##### DATA BELOW
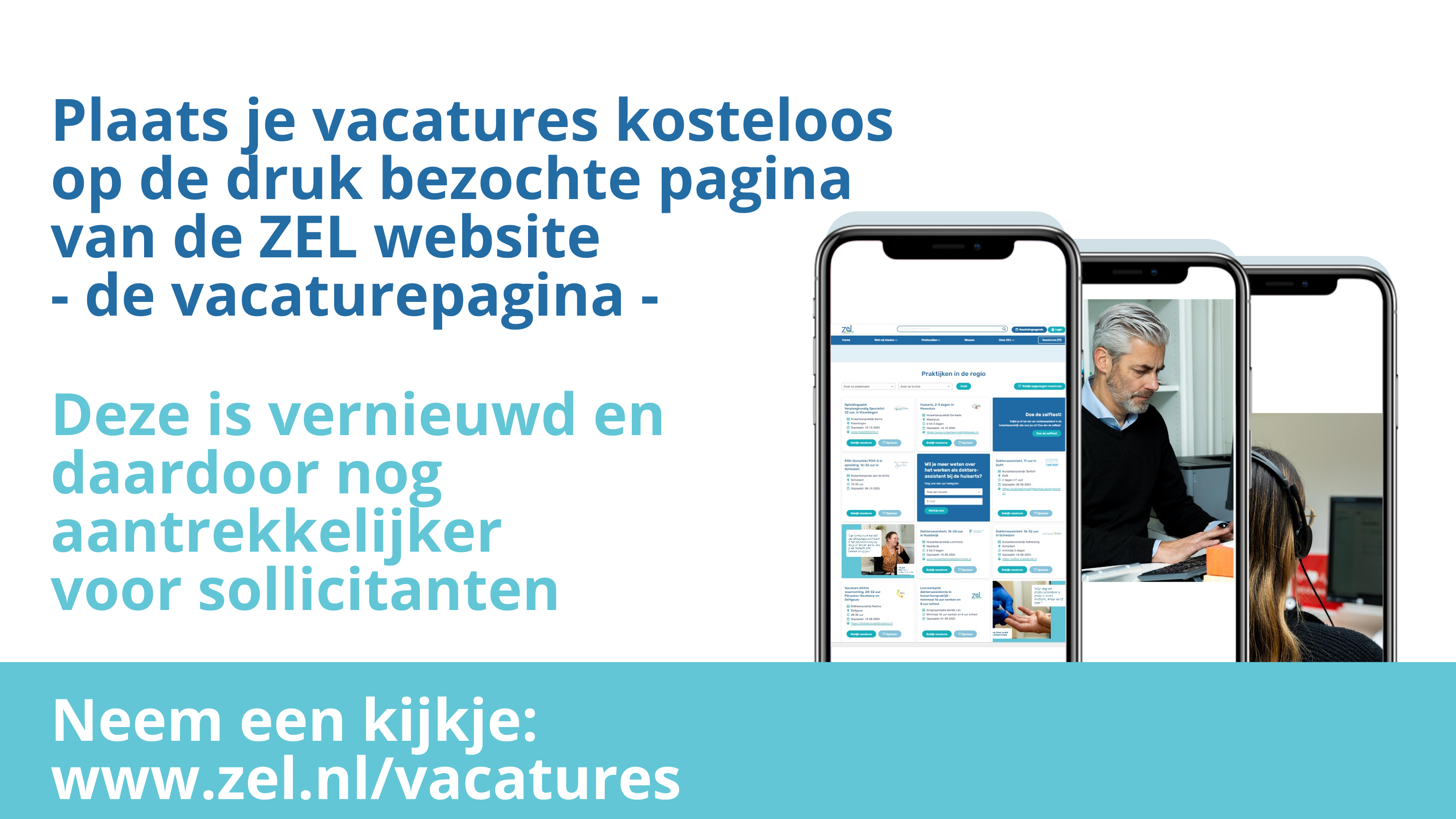 Op zoek naar een leuke afwisselende baan? Op onze webiste vind je vacatures van de praktijken uit de regio. Ook ZEL vacatures zijn te vinden op onze vacaturepagina. Neem snel een kijkje!
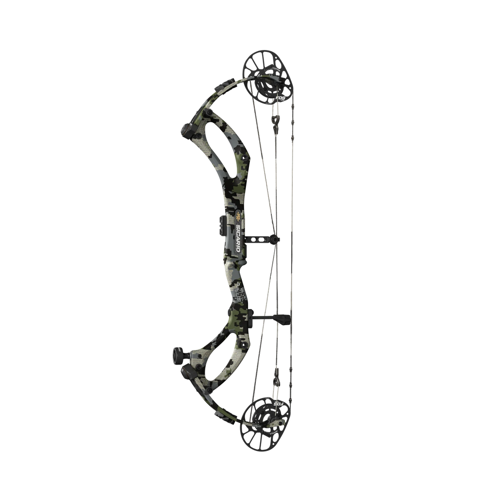 The PSE Sicario Carbon redefines high-performance bowhunting with a lightweight carbon riser and the groundbreaking FDS (Full Draw Stability) Cam System. Engineered for stability and accuracy, the Sicario delivers blazing speed up to 357 fps while maintaining a dead-in-hand feel and smooth draw cycle. Its refined 33-inch axle-to-axle frame and 5 ¼-inch brace height strike the perfect balance between maneuverability and precision.
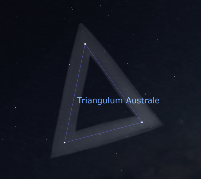 Triangulum Australe is a small constellation edging on the Milky Way in the far southern sky. Its three brightest stars, Alpha, Beta and Gamma TrA form a nearly equilateral triangle standing out from the background stars.
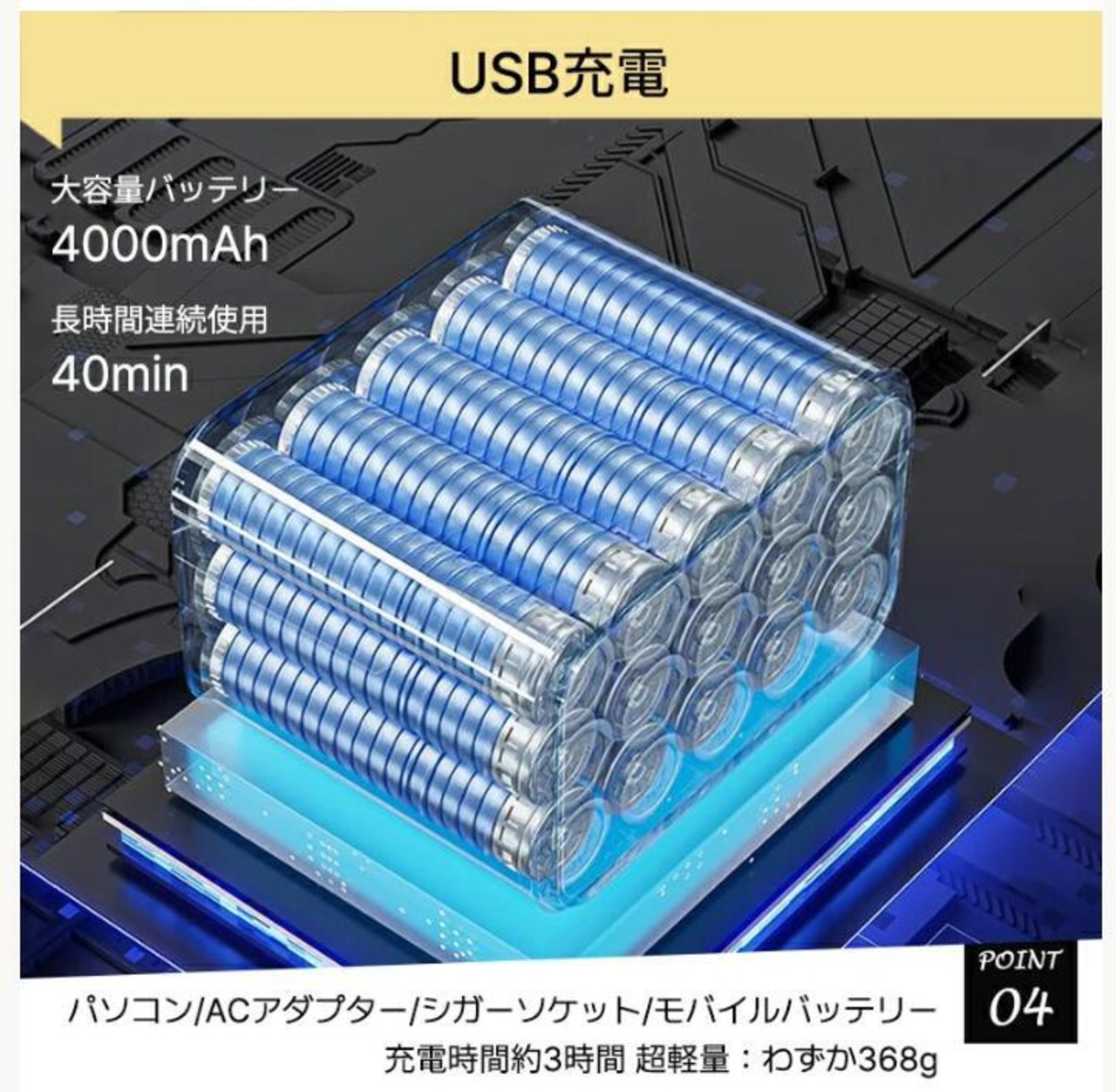 バッテリー容量 4000mAh
##########
* **EXERCISE REQUIREMENTS**: A word-for-word copy of the data, without its pictures, is what is needed.

* **SOLUTION FOR THIS EXERCISE**:
 Op zoek naar een leuke afwisselende baan? Op onze webiste vind je vacatures van de praktijken uit de regio. Ook ZEL vacatures zijn te vinden op onze vacaturepagina. Neem snel een kijkje!
 The PSE Sicario Carbon redefines high-performance bowhunting with a lightweight carbon riser and the groundbreaking FDS (Full Draw Stability) Cam System. Engineered for stability and accuracy, the Sicario delivers blazing speed up to 357 fps while maintaining a dead-in-hand feel and smooth draw cycle. Its refined 33-inch axle-to-axle frame and 5 ¼-inch brace height strike the perfect balance between maneuverability and precision.
 Triangulum Australe is a small constellation edging on the Milky Way in the far southern sky. Its three brightest stars, Alpha, Beta and Gamma TrA form a nearly equilateral triangle standing out from the background stars.
 バッテリー容量 4000mAh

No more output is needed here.